Your task - Starting with the line that has "This is the" in the records below and ending with the line that has "左がオートテンショナーといわれる部品。", output those lines exactly and nothing more; omit the pictures.

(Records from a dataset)
++++++
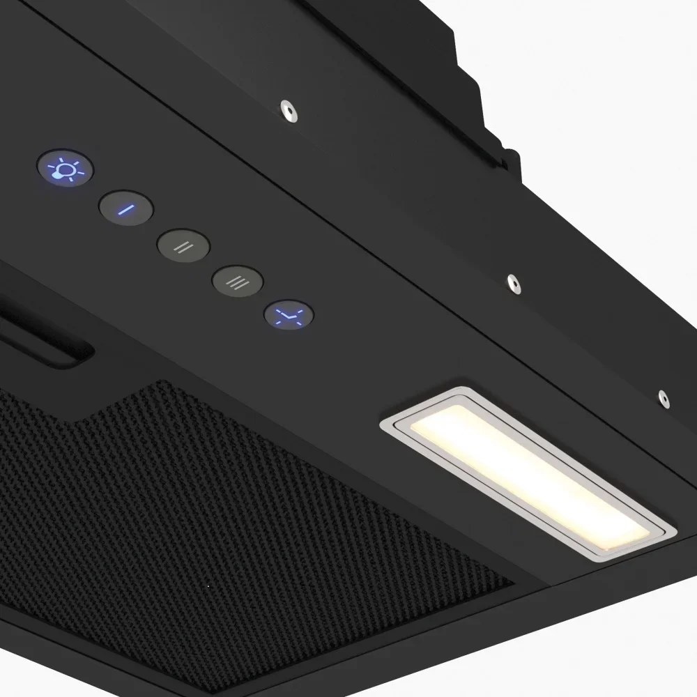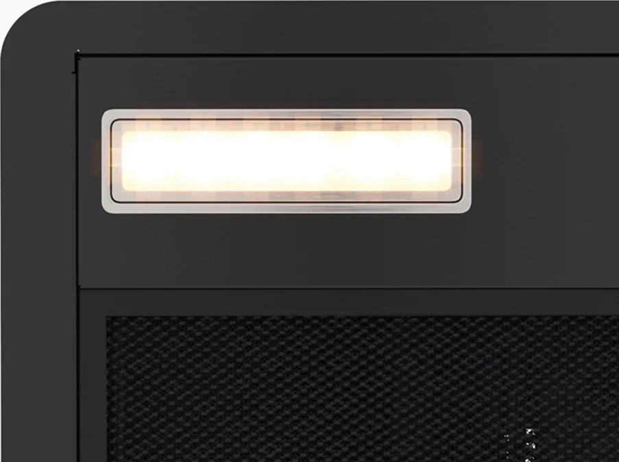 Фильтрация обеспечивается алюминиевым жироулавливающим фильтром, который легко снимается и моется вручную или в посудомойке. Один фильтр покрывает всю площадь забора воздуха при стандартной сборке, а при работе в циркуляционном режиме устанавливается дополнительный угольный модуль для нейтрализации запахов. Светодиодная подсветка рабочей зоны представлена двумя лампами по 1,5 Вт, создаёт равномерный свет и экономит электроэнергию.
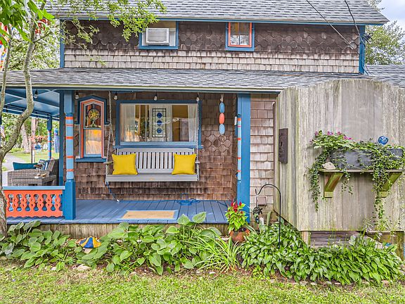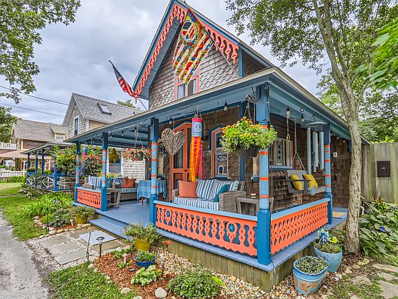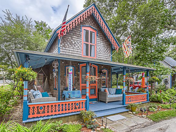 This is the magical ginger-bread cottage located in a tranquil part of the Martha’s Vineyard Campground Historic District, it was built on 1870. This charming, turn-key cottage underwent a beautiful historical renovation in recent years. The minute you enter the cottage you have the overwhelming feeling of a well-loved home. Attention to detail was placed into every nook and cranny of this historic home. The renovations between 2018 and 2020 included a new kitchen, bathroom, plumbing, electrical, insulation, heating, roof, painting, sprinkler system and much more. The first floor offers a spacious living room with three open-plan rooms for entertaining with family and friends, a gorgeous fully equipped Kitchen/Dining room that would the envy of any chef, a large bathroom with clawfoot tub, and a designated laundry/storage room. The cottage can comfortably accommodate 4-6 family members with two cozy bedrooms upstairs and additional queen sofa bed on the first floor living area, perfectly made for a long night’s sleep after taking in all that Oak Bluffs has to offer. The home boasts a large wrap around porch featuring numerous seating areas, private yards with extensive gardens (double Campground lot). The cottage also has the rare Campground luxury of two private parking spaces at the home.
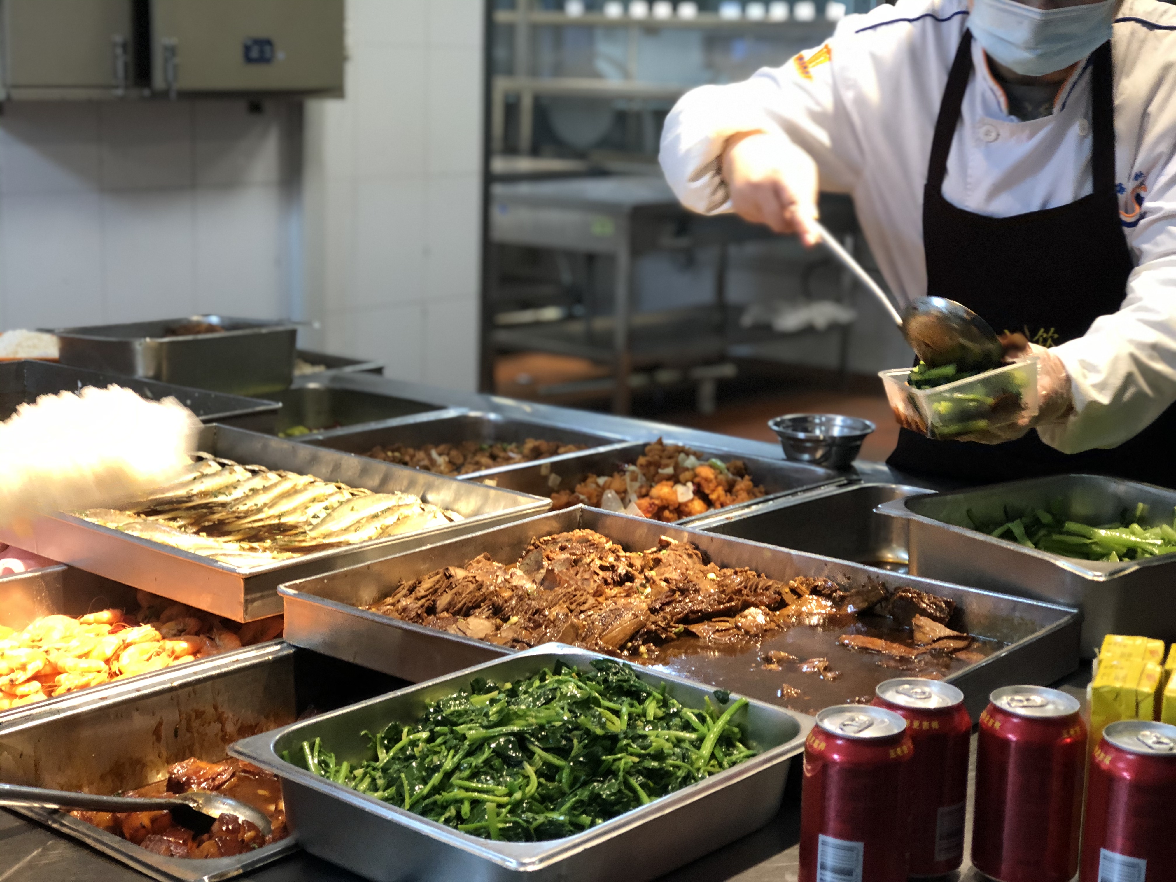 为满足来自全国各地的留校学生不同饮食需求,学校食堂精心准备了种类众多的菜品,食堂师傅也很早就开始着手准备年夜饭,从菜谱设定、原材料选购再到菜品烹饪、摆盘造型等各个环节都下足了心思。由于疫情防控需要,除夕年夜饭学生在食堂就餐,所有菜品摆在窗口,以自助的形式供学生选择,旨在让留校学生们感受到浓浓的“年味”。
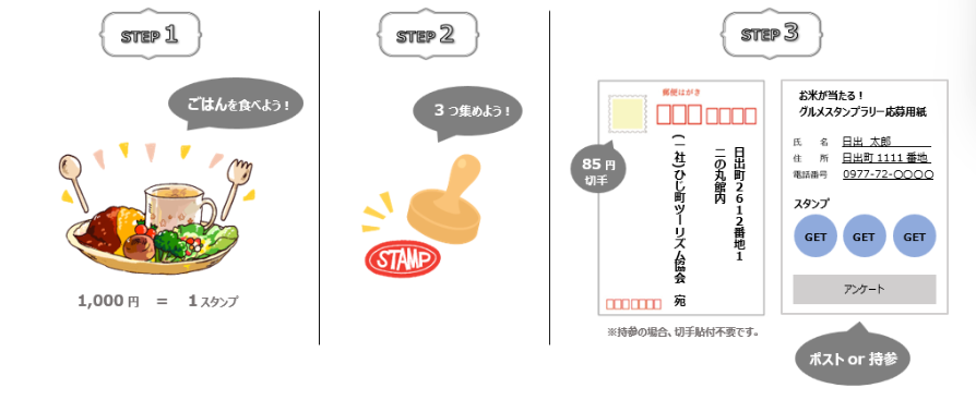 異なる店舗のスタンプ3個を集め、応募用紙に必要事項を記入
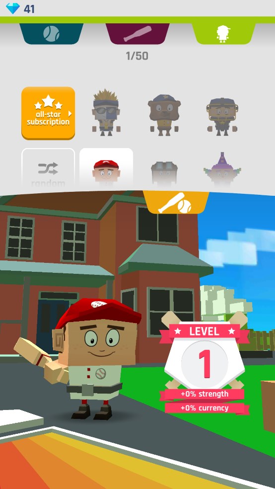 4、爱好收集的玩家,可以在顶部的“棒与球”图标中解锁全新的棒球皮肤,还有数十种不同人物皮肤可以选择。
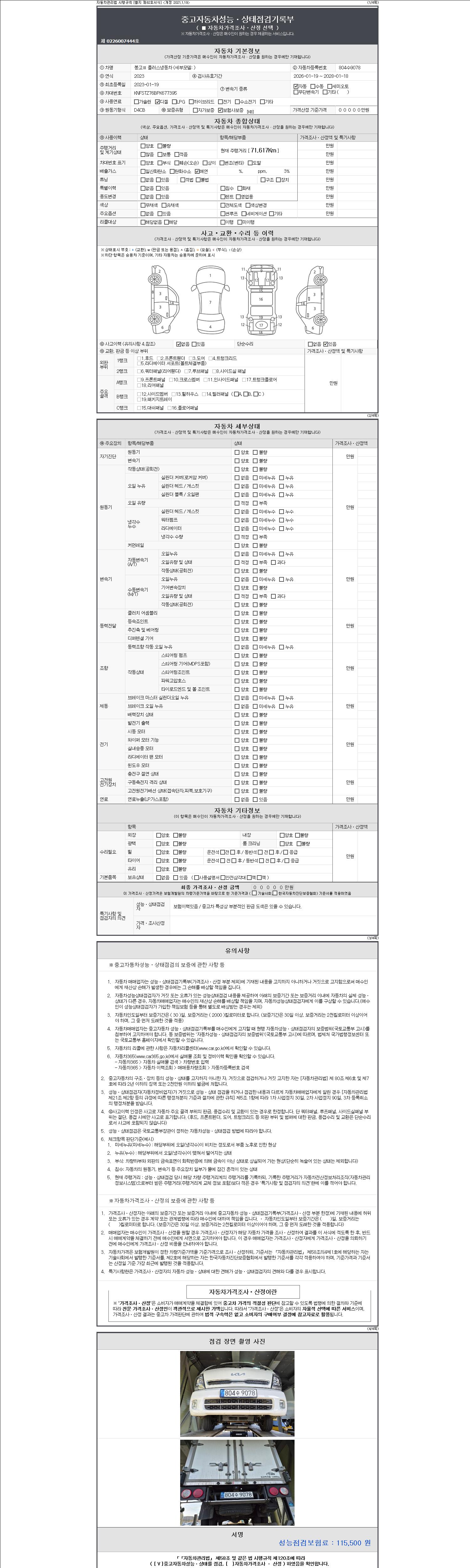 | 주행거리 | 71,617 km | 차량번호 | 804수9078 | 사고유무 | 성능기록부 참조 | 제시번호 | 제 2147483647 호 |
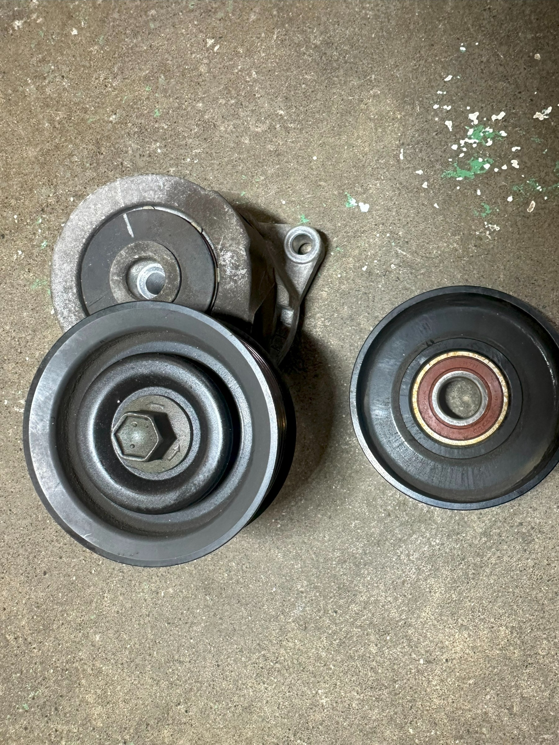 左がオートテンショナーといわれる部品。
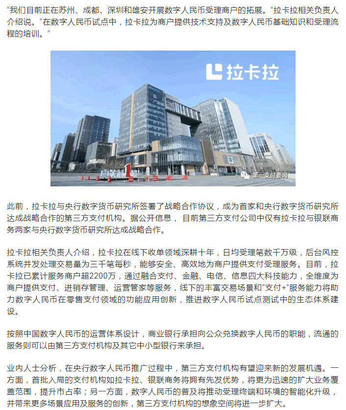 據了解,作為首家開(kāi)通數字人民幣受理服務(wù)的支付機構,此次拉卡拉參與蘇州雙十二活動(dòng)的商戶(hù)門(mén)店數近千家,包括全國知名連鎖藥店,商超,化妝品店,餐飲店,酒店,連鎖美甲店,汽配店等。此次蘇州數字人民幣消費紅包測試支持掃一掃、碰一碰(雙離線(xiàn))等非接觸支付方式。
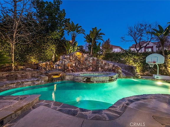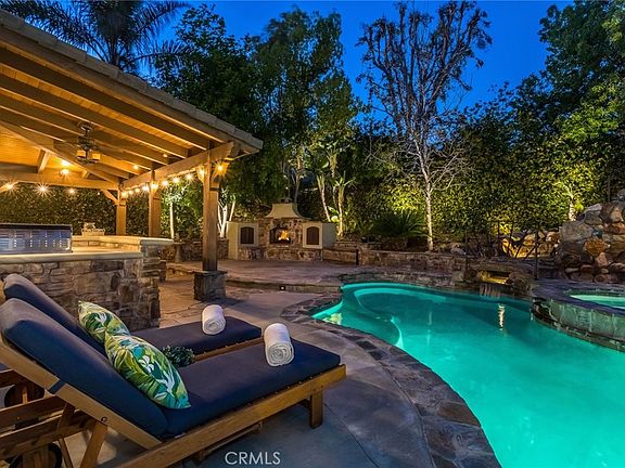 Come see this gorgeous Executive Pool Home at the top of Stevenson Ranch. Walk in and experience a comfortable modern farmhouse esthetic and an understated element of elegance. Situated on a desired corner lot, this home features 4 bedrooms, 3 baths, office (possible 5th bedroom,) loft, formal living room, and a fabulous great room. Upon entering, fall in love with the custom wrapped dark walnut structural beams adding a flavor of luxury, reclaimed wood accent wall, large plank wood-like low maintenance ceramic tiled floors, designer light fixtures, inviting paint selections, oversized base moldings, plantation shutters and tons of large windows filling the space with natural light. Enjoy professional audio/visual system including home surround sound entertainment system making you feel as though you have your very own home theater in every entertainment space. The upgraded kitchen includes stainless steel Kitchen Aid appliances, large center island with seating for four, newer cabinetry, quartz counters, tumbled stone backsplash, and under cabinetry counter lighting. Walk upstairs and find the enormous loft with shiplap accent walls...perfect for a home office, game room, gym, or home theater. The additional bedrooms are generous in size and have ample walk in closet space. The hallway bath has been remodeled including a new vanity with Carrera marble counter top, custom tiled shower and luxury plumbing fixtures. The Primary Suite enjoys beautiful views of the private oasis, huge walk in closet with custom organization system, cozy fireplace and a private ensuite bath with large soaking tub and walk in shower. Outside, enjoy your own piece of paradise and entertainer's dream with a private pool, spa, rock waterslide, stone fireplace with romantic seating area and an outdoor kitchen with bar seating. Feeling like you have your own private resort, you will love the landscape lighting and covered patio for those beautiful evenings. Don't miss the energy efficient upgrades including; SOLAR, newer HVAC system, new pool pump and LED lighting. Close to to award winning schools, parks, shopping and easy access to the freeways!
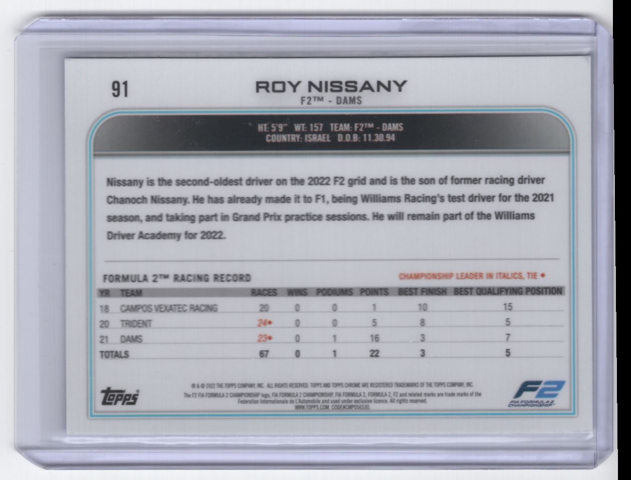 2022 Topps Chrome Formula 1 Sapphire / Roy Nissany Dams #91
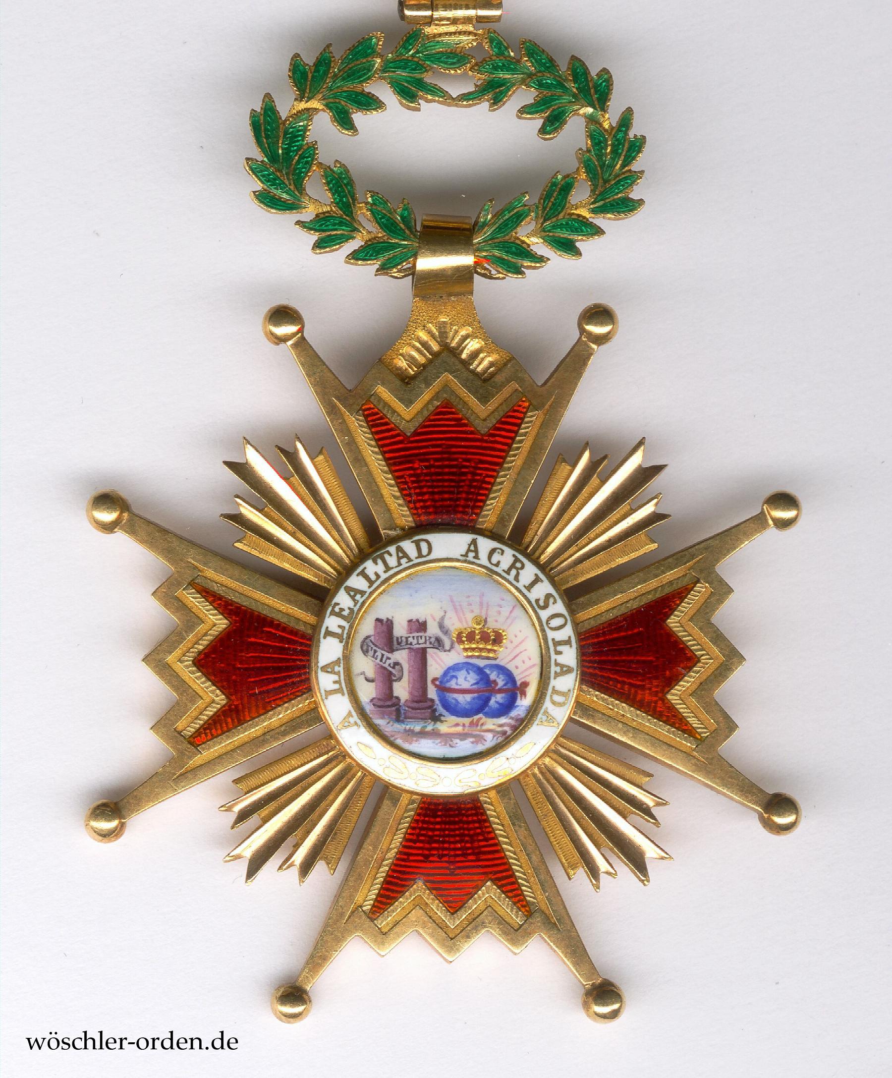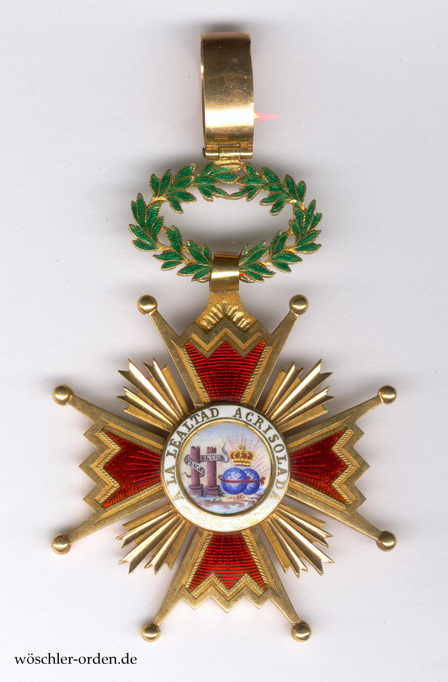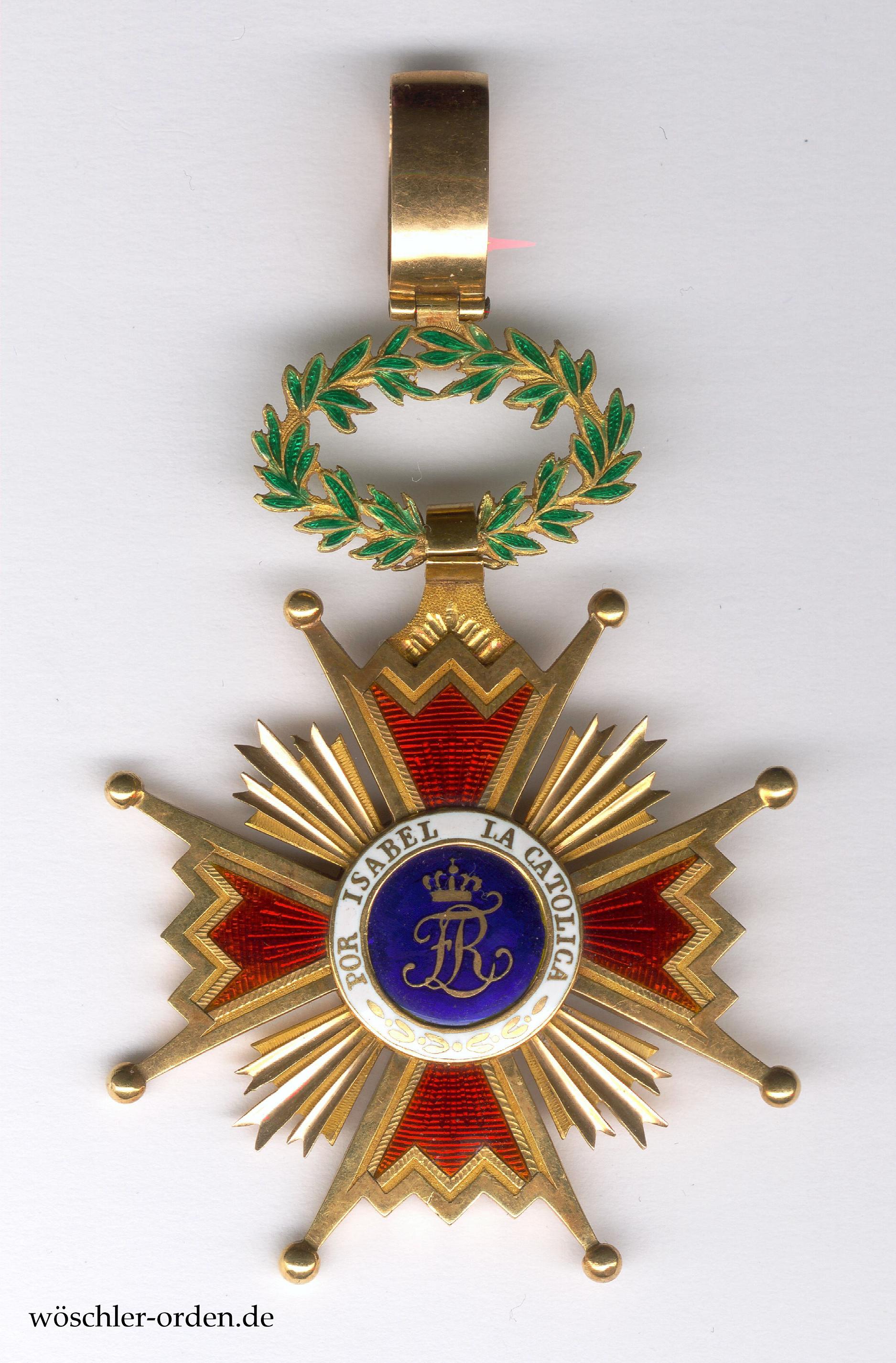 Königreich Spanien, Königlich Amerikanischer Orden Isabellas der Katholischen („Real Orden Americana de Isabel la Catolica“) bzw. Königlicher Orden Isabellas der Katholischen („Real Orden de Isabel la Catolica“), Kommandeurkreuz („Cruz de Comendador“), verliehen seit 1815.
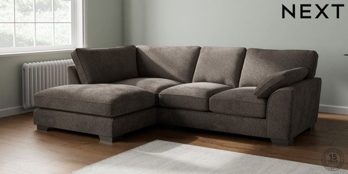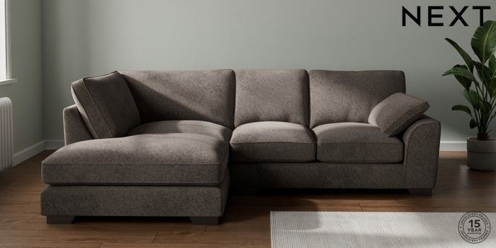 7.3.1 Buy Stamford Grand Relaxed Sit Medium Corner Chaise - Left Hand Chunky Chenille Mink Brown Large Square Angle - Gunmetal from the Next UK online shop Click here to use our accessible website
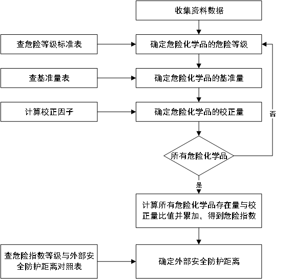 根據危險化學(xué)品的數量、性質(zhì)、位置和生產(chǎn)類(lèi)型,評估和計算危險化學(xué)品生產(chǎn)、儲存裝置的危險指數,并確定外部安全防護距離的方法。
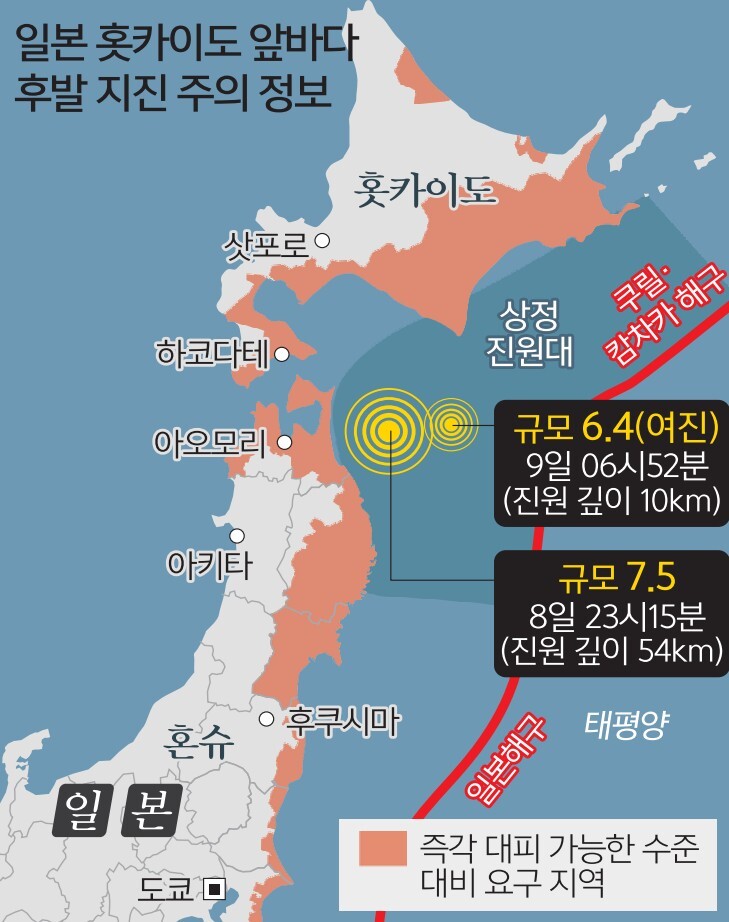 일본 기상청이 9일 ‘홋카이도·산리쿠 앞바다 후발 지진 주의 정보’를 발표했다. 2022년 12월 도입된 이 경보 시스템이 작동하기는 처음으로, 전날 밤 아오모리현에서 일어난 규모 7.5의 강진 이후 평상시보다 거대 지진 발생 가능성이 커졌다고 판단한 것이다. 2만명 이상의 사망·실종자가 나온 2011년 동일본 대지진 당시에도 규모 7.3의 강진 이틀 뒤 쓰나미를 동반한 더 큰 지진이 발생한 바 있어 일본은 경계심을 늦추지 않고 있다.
++++++
Task answer -
 This is the magical ginger-bread cottage located in a tranquil part of the Martha’s Vineyard Campground Historic District, it was built on 1870. This charming, turn-key cottage underwent a beautiful historical renovation in recent years. The minute you enter the cottage you have the overwhelming feeling of a well-loved home. Attention to detail was placed into every nook and cranny of this historic home. The renovations between 2018 and 2020 included a new kitchen, bathroom, plumbing, electrical, insulation, heating, roof, painting, sprinkler system and much more. The first floor offers a spacious living room with three open-plan rooms for entertaining with family and friends, a gorgeous fully equipped Kitchen/Dining room that would the envy of any chef, a large bathroom with clawfoot tub, and a designated laundry/storage room. The cottage can comfortably accommodate 4-6 family members with two cozy bedrooms upstairs and additional queen sofa bed on the first floor living area, perfectly made for a long night’s sleep after taking in all that Oak Bluffs has to offer. The home boasts a large wrap around porch featuring numerous seating areas, private yards with extensive gardens (double Campground lot). The cottage also has the rare Campground luxury of two private parking spaces at the home.
 为满足来自全国各地的留校学生不同饮食需求,学校食堂精心准备了种类众多的菜品,食堂师傅也很早就开始着手准备年夜饭,从菜谱设定、原材料选购再到菜品烹饪、摆盘造型等各个环节都下足了心思。由于疫情防控需要,除夕年夜饭学生在食堂就餐,所有菜品摆在窗口,以自助的形式供学生选择,旨在让留校学生们感受到浓浓的“年味”。
 異なる店舗のスタンプ3個を集め、応募用紙に必要事項を記入
 4、爱好收集的玩家,可以在顶部的“棒与球”图标中解锁全新的棒球皮肤,还有数十种不同人物皮肤可以选择。
 | 주행거리 | 71,617 km | 차량번호 | 804수9078 | 사고유무 | 성능기록부 참조 | 제시번호 | 제 2147483647 호 |
 左がオートテンショナーといわれる部品。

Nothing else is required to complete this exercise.